Bay Nature magazineFall 2007

Botany

Book Review: Wildflowers of Northern California’s Wine Country and North Coast Ranges

October 1, 2007

Wildflowers of Northern California’s Wine Country and North Coast Ranges, by Reny Parker, New Creek Ranch Press, 2007, 282 pages, $24.95 www.renyswildflowers.com

Reny Parker is passionate about wildflowers. For 17 years, she has found and photographed them in their wild habitats around her home territory. Those images form the heart of her new pictorial and descriptive guide to 358 species of native flowers from Marin, Sonoma, Napa, and Mendocino counties. Within its pages are representatives of 83 plant families, mostly annual wildflowers but also woody perennials, vines, shrubs, trees, grasses, ferns, and several problematic exotic weeds.

Parker has made it easy for even a beginner to find a particular flower in the guide. Plants are grouped by flower color and by number of petals. Species that appear similar are placed near each other, so they can be compared easily.

Nontechnical descriptions of the species, composed by some of the region’s best native plant specialists, accompany the photographs, often with additional information about a plant’s rarity, natural and human history, and garden-worthiness, and always including bloom time and native counties. Other tidbits of information are fun and interesting: Who knew that sneezeweed (Helenium bolanderi) got its common name from its former use as powdered snuff? Or that bitter root (Lewisia rediviva), named for explorer Meriwether Lewis (who described the plant as “naucious to my pallate”), was a food staple for Native Americans? Following the main body of the book are lists and maps of wildflower hot spots in the four counties.

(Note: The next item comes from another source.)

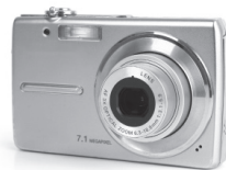
Appareil photo 69,00€

Wildflower guide photos are often more about education than artistry, with poor lighting, competing backgrounds, and repetitive bull’s-eye placement of their subjects. In comparison, Parker’s beautifully composed images stand out as lovely little works of art. Each reflects Parker’s devotion to her subject and her goal of inspiring others “to care for these delicate gifts of nature and preserve them and their habitats for future generations.”